China developing Xinjiang airport as ‘Belt and Road’ air cargo node

Today, China’s state planner approved a US$6.1-billion airport expansion project in Urumqi, capital of China’s far-western Xinjiang province, which will help develop the city into a key air cargo hub in President Xi Jinping’s sprawling “Belt and Road” initiative.

Construction of the Urumqi Airport (URC) will run through 2030, when the expanded airport is expected to handle 750,000 tonnes of cargo and 63 million passengers a year, the Chinese National Development and Reform Commission (NDRC) said in a statement. The expansion will also include construction of two additional runways.

As capacity continues to dwindle at the crowded air hubs of eastern China, western-China cities, like Urumqi, are poised to handle the overflow of air cargo. The investment value for the Urumqi airport is more than half of what China is spending on Beijing’s new mega-airport project – Daxing International Airport – that costs $11.5 billion and will serve 72 million passengers a year by 2025.

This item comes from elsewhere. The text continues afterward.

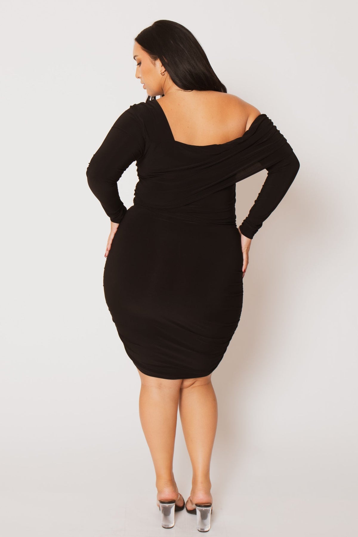 This plus size dress features a flattering square neckline, long sleeves, and ruched detailing throughout for a body-hugging fit. Designed with a versatile silhouette, it can be styled on or off the shoulder for an effortlessly chic look.
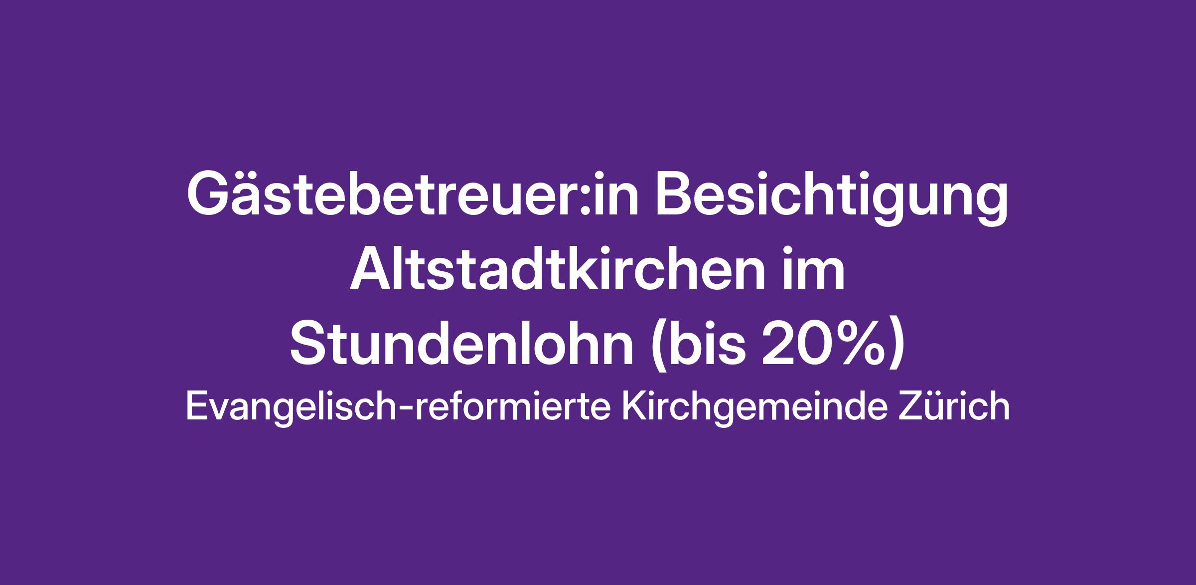 Der Kirchenkreis eins gehört zur Kirchgemeinde Zürich und umfasst die Altstadt mit den Kirchen Fraumünster, Grossmünster, St. Peter, der Wasserkirche und der Predigerkirche. Für das engagierte Team «Besichtigung» suchen wir per 1. März 2026 oder nach Vereinbarung Sie als

Although Xinjiang is the biggest among China’s provinces and autonomous regions by area, its $144 billion economy ranks the smallest. The Belt and Road initiative, which aims to reconstruct a modern, multi-modal version of the ancient “Silk Road,” is a major catalyst for the former Silk Road outpost’s revival. The NDRC said that the Urumqi Airport expansion is designed to accommodate the rapid growth and development of the city into an international aviation hub.

URC already serves flights to and from Kazakhstan, Kyrgyzstan, Tajikistan, Uzbekistan, Russia and the United Arab Emirates. The airport is currently a hub for China Southern Airlines, while other carriers, including SF Airlines, ASL Airlines and China Cargo Airlines, already have freighter flights there, and are in the process of developing more.